## PROBLEM TO SOLVE
The answer is to be an exact copy of the lines below running from the line with "保利锦上印,它原本的楼盘名是" down to the line with "한국아마추어천문학회에서는 학회 회원을", both ends included, and nothing more.

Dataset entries
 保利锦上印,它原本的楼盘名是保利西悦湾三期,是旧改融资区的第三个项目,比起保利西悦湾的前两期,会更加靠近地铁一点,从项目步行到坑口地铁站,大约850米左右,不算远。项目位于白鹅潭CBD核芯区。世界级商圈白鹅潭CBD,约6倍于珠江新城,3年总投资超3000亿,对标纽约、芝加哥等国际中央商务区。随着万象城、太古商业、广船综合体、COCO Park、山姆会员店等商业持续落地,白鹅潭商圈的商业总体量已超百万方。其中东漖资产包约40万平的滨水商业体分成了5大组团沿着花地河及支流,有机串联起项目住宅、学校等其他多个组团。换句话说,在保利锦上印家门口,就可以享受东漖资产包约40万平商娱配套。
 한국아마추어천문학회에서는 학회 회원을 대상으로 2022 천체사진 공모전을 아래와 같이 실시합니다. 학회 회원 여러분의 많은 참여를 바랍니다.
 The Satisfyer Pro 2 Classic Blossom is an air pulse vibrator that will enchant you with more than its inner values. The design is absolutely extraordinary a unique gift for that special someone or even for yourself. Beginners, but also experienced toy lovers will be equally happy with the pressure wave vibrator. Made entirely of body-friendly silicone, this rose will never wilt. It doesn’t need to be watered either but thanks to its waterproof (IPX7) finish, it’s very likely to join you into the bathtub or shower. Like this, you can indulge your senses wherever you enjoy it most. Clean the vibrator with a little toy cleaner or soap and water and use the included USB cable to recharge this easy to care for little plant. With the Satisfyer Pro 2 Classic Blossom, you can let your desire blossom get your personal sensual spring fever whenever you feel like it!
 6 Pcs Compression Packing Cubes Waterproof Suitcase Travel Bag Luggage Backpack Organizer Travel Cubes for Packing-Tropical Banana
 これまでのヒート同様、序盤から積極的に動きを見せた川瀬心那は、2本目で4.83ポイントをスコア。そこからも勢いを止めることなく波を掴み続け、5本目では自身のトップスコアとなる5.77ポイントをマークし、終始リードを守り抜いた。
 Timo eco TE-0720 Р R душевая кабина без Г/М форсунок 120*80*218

...

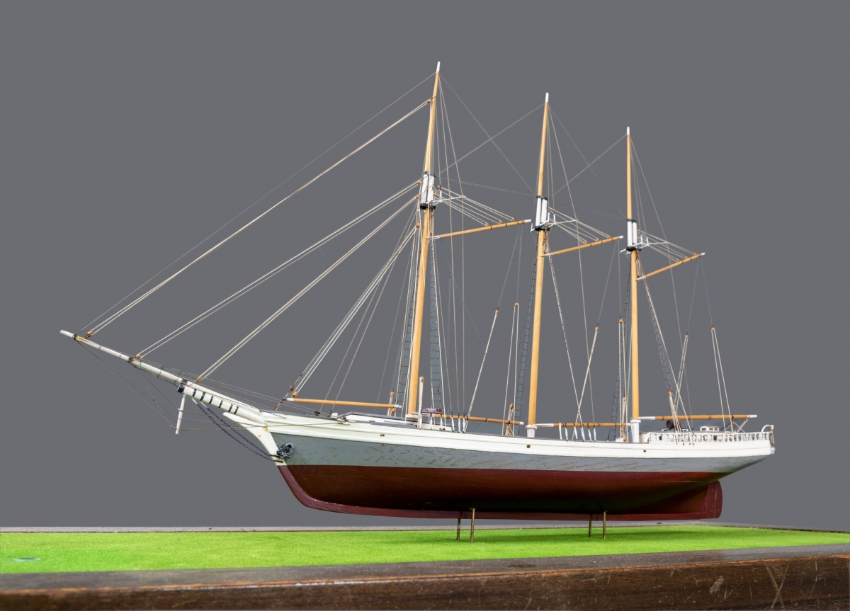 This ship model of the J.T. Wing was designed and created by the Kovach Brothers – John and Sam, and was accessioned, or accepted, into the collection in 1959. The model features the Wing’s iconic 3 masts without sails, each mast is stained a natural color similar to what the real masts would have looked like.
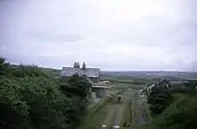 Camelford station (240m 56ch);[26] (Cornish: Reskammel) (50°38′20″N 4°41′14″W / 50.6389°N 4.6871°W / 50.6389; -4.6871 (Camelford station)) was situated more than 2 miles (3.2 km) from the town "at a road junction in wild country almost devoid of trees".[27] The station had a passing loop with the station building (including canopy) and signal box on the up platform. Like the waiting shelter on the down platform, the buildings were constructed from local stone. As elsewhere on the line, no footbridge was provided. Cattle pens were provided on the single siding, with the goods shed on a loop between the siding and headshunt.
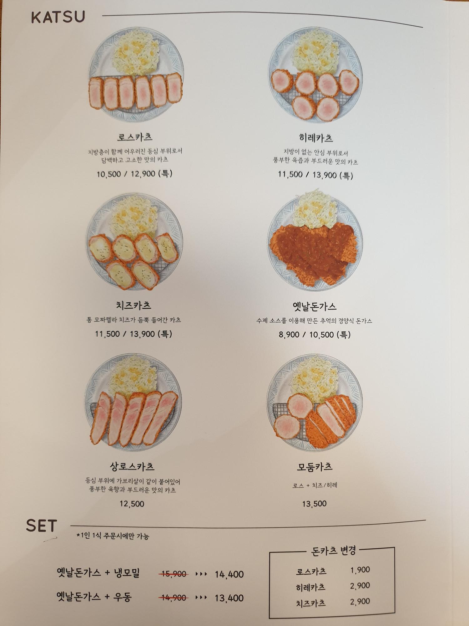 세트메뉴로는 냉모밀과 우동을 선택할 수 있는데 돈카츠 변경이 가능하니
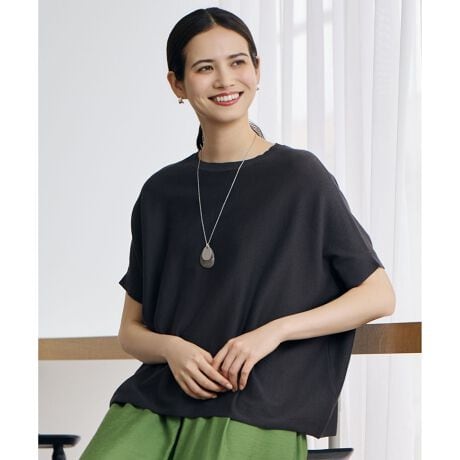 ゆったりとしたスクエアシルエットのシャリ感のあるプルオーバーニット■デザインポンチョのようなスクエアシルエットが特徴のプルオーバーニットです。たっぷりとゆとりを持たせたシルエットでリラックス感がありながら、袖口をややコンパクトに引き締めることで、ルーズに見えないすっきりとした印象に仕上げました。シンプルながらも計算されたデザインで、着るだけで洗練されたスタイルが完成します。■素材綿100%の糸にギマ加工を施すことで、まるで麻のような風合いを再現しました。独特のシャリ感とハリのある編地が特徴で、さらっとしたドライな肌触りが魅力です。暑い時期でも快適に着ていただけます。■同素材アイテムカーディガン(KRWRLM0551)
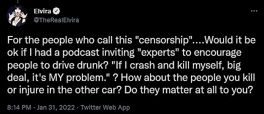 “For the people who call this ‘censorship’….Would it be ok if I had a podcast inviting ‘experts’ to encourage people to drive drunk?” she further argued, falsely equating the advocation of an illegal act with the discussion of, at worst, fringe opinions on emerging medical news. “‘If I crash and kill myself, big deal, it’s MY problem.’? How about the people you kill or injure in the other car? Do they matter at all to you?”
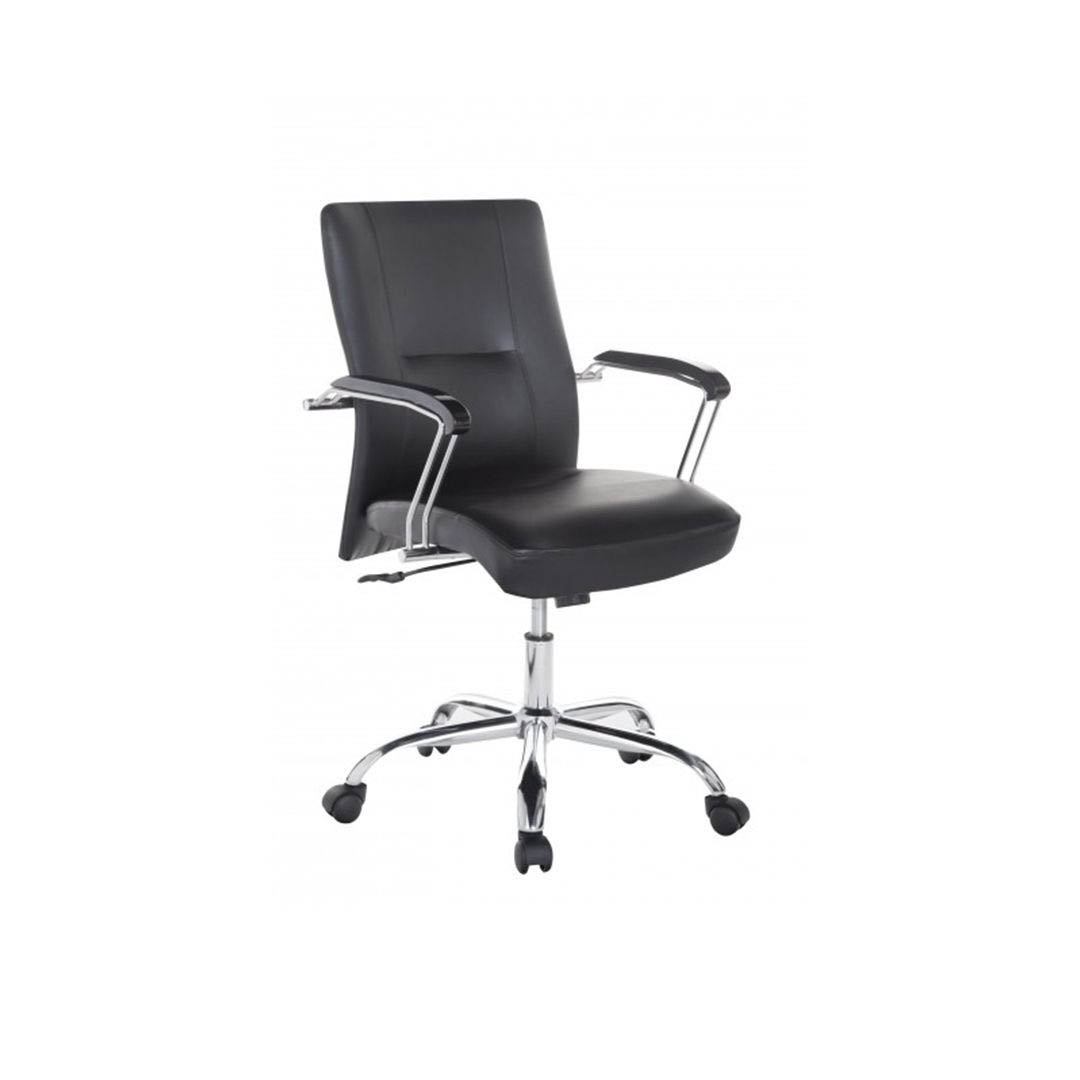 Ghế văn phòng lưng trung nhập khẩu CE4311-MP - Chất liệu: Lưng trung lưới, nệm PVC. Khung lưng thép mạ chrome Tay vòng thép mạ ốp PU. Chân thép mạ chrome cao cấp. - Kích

## TASK RESPONSE
 保利锦上印,它原本的楼盘名是保利西悦湾三期,是旧改融资区的第三个项目,比起保利西悦湾的前两期,会更加靠近地铁一点,从项目步行到坑口地铁站,大约850米左右,不算远。项目位于白鹅潭CBD核芯区。世界级商圈白鹅潭CBD,约6倍于珠江新城,3年总投资超3000亿,对标纽约、芝加哥等国际中央商务区。随着万象城、太古商业、广船综合体、COCO Park、山姆会员店等商业持续落地,白鹅潭商圈的商业总体量已超百万方。其中东漖资产包约40万平的滨水商业体分成了5大组团沿着花地河及支流,有机串联起项目住宅、学校等其他多个组团。换句话说,在保利锦上印家门口,就可以享受东漖资产包约40万平商娱配套。
 한국아마추어천문학회에서는 학회 회원을 대상으로 2022 천체사진 공모전을 아래와 같이 실시합니다. 학회 회원 여러분의 많은 참여를 바랍니다.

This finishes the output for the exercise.